Apart from the images, reproduce every record word for word.

_ _ _

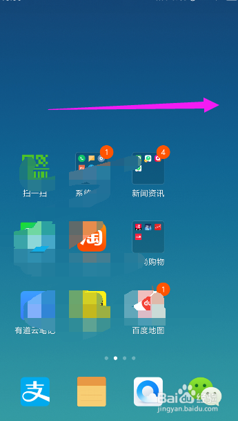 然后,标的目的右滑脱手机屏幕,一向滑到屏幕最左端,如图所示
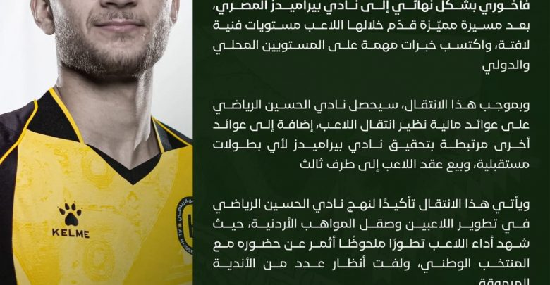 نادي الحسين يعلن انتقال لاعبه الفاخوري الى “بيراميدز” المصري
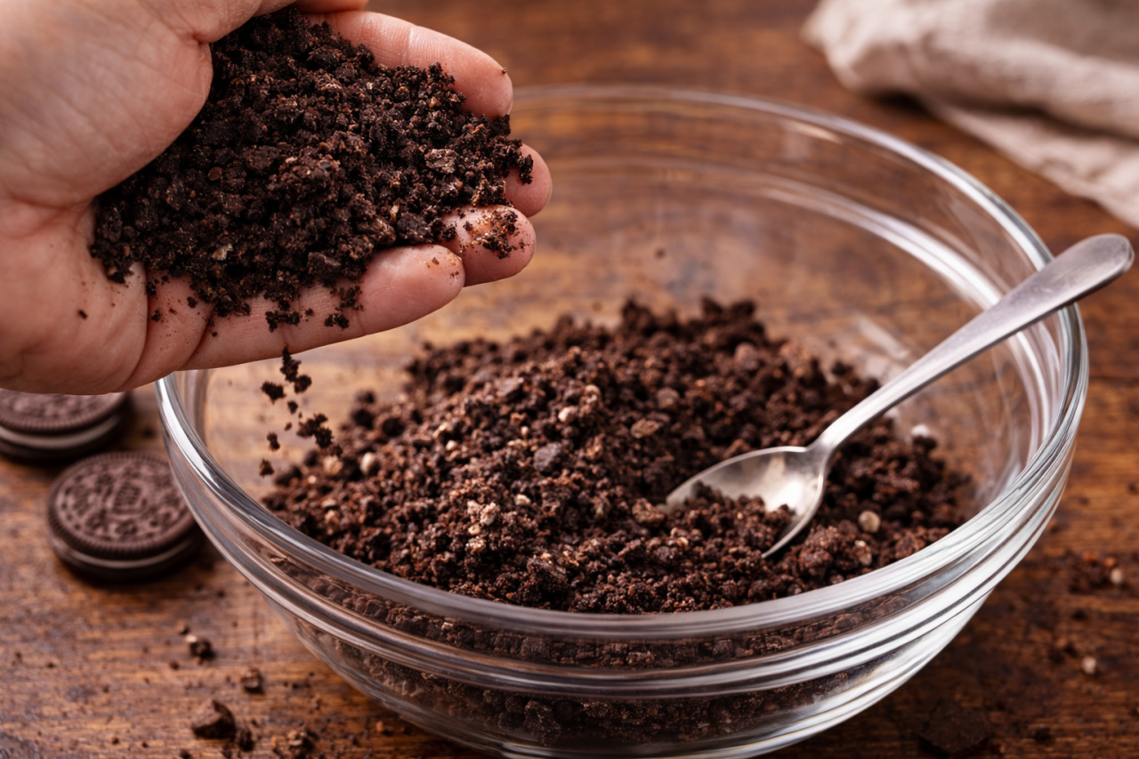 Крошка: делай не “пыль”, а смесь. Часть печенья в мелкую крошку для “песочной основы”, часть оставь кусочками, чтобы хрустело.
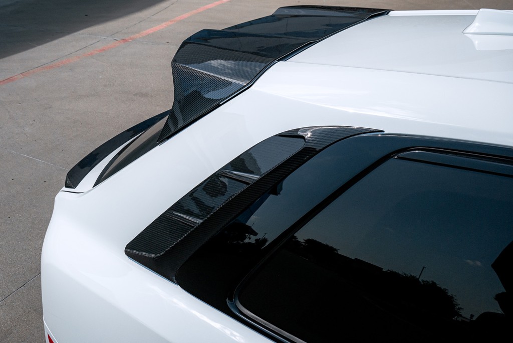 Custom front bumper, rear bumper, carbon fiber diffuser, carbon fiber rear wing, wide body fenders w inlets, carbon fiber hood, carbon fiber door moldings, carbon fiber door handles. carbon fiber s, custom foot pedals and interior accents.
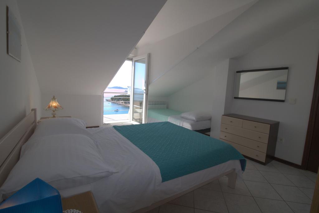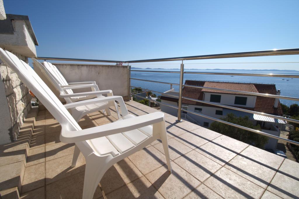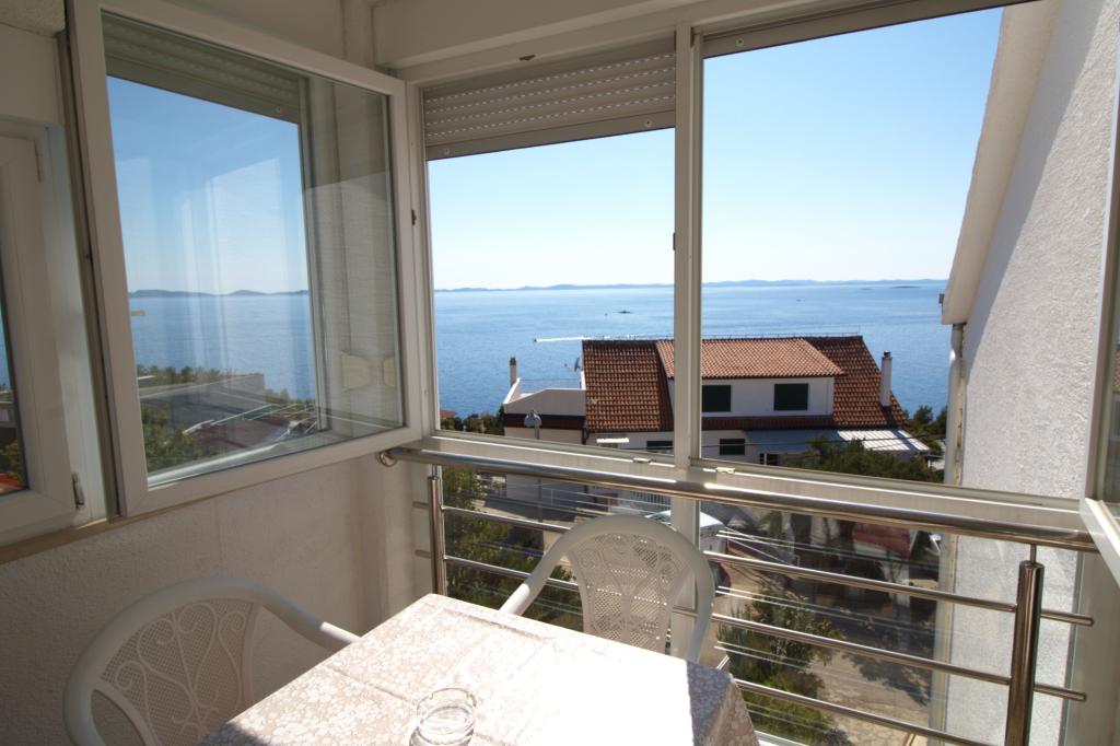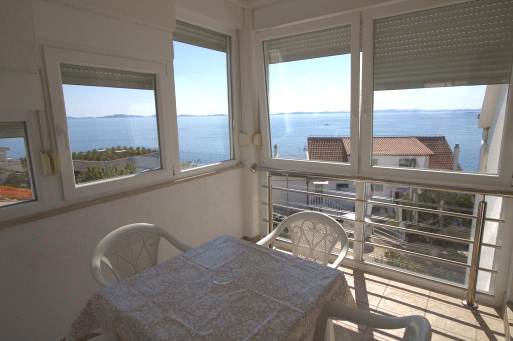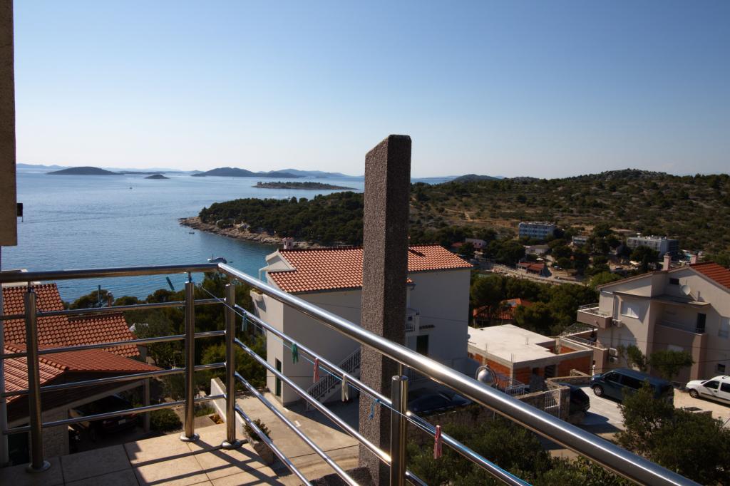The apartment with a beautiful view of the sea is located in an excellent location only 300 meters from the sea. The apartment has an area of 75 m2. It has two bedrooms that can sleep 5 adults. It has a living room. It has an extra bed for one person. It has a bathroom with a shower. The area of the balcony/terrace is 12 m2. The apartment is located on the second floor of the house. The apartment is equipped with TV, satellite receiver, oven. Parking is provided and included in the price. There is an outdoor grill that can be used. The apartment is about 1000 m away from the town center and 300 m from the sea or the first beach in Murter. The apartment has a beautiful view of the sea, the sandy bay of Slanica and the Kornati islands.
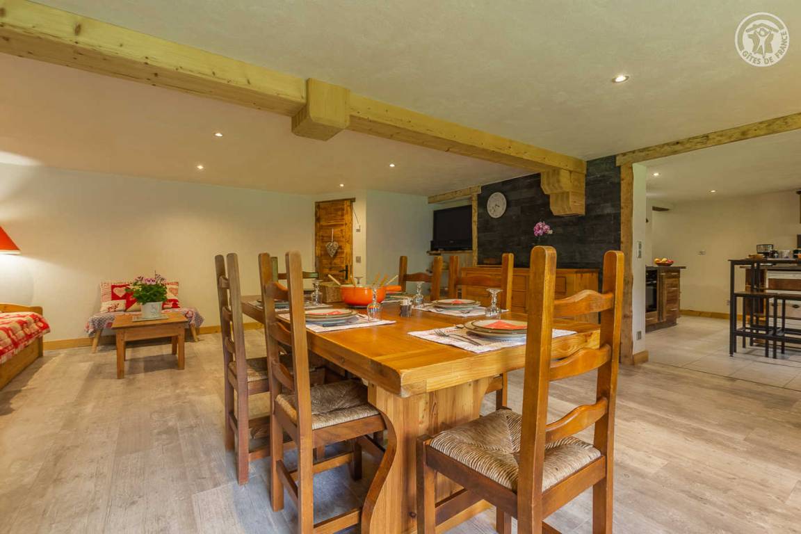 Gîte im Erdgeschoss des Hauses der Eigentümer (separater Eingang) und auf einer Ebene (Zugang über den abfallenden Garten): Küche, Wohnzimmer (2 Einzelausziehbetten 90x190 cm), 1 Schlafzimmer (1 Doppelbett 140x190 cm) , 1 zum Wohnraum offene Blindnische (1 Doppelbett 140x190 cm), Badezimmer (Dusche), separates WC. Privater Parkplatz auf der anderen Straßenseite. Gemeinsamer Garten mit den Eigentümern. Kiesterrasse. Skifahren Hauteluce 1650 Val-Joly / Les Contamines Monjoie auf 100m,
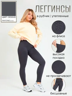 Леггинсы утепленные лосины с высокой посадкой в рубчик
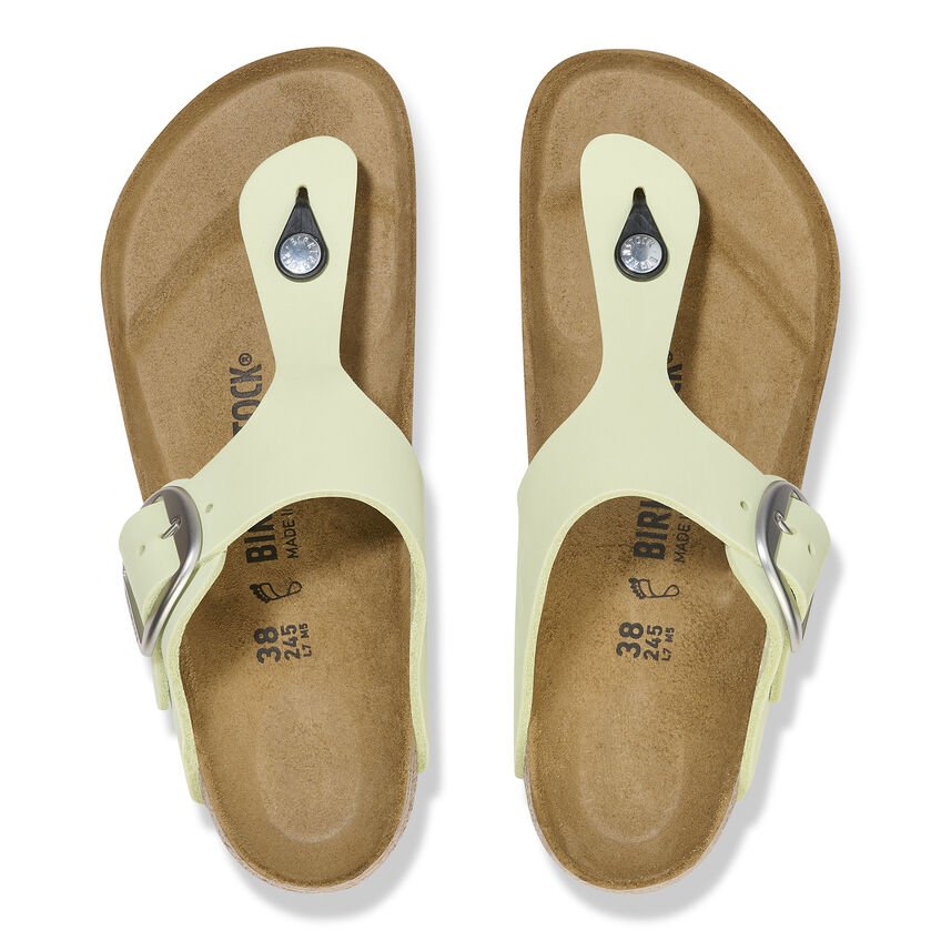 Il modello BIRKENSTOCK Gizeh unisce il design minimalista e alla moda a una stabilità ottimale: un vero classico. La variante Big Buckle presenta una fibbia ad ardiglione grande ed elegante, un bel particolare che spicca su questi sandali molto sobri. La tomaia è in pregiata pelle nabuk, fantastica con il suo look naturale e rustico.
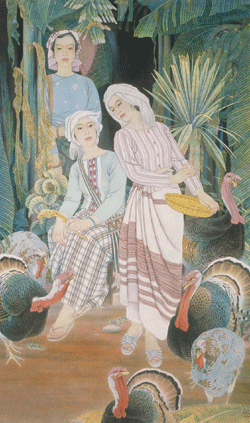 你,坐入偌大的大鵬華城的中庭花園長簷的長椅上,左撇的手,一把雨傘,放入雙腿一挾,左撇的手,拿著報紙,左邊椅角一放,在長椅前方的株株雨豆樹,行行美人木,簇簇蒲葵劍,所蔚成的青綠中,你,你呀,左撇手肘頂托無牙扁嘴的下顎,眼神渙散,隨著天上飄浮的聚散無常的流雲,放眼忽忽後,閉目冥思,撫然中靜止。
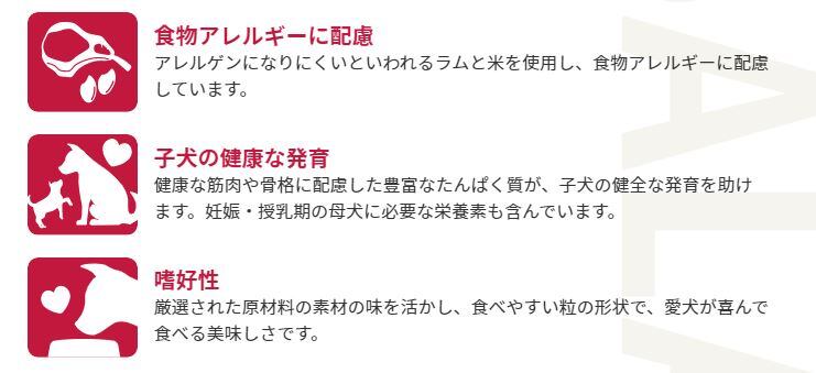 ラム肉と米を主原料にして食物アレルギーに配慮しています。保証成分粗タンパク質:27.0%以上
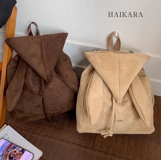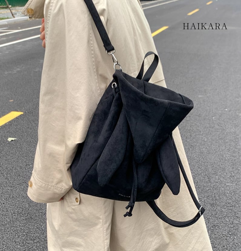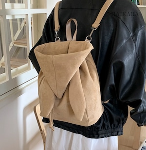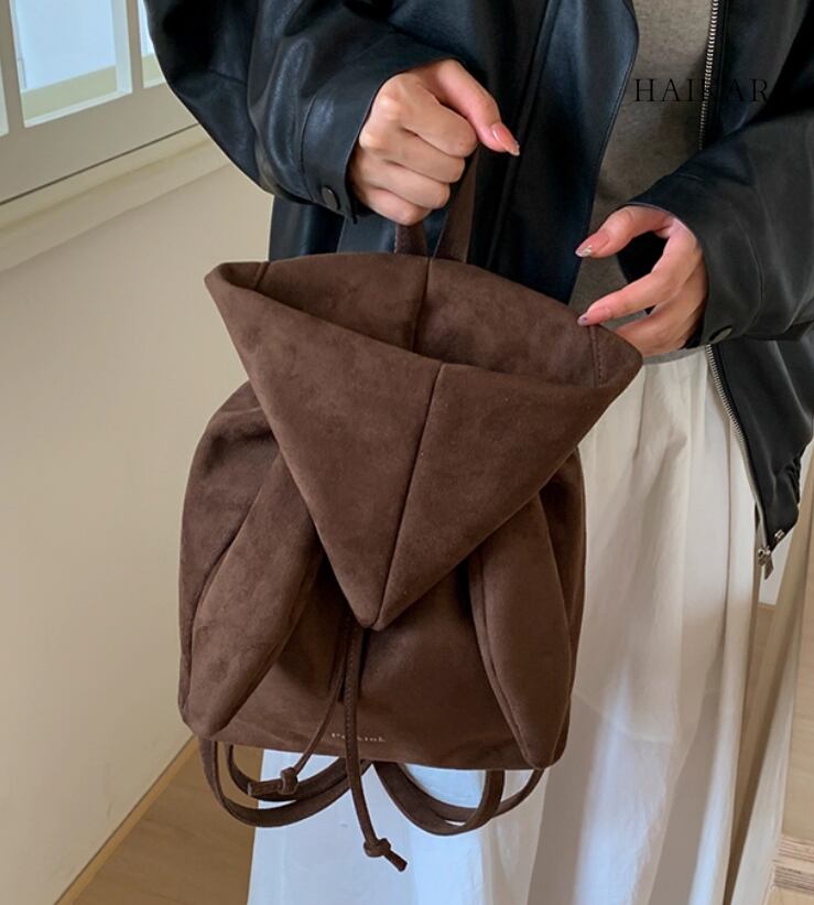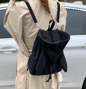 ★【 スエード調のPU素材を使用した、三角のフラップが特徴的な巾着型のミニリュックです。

_ _ _

* Task output:
 然后,标的目的右滑脱手机屏幕,一向滑到屏幕最左端,如图所示
 نادي الحسين يعلن انتقال لاعبه الفاخوري الى “بيراميدز” المصري
 Крошка: делай не “пыль”, а смесь. Часть печенья в мелкую крошку для “песочной основы”, часть оставь кусочками, чтобы хрустело.
 Custom front bumper, rear bumper, carbon fiber diffuser, carbon fiber rear wing, wide body fenders w inlets, carbon fiber hood, carbon fiber door moldings, carbon fiber door handles. carbon fiber s, custom foot pedals and interior accents.
The apartment with a beautiful view of the sea is located in an excellent location only 300 meters from the sea. The apartment has an area of 75 m2. It has two bedrooms that can sleep 5 adults. It has a living room. It has an extra bed for one person. It has a bathroom with a shower. The area of the balcony/terrace is 12 m2. The apartment is located on the second floor of the house. The apartment is equipped with TV, satellite receiver, oven. Parking is provided and included in the price. There is an outdoor grill that can be used. The apartment is about 1000 m away from the town center and 300 m from the sea or the first beach in Murter. The apartment has a beautiful view of the sea, the sandy bay of Slanica and the Kornati islands.
 Gîte im Erdgeschoss des Hauses der Eigentümer (separater Eingang) und auf einer Ebene (Zugang über den abfallenden Garten): Küche, Wohnzimmer (2 Einzelausziehbetten 90x190 cm), 1 Schlafzimmer (1 Doppelbett 140x190 cm) , 1 zum Wohnraum offene Blindnische (1 Doppelbett 140x190 cm), Badezimmer (Dusche), separates WC. Privater Parkplatz auf der anderen Straßenseite. Gemeinsamer Garten mit den Eigentümern. Kiesterrasse. Skifahren Hauteluce 1650 Val-Joly / Les Contamines Monjoie auf 100m,
 Леггинсы утепленные лосины с высокой посадкой в рубчик
 Il modello BIRKENSTOCK Gizeh unisce il design minimalista e alla moda a una stabilità ottimale: un vero classico. La variante Big Buckle presenta una fibbia ad ardiglione grande ed elegante, un bel particolare che spicca su questi sandali molto sobri. La tomaia è in pregiata pelle nabuk, fantastica con il suo look naturale e rustico.
 你,坐入偌大的大鵬華城的中庭花園長簷的長椅上,左撇的手,一把雨傘,放入雙腿一挾,左撇的手,拿著報紙,左邊椅角一放,在長椅前方的株株雨豆樹,行行美人木,簇簇蒲葵劍,所蔚成的青綠中,你,你呀,左撇手肘頂托無牙扁嘴的下顎,眼神渙散,隨著天上飄浮的聚散無常的流雲,放眼忽忽後,閉目冥思,撫然中靜止。
 ラム肉と米を主原料にして食物アレルギーに配慮しています。保証成分粗タンパク質:27.0%以上
 ★【 スエード調のPU素材を使用した、三角のフラップが特徴的な巾着型のミニリュックです。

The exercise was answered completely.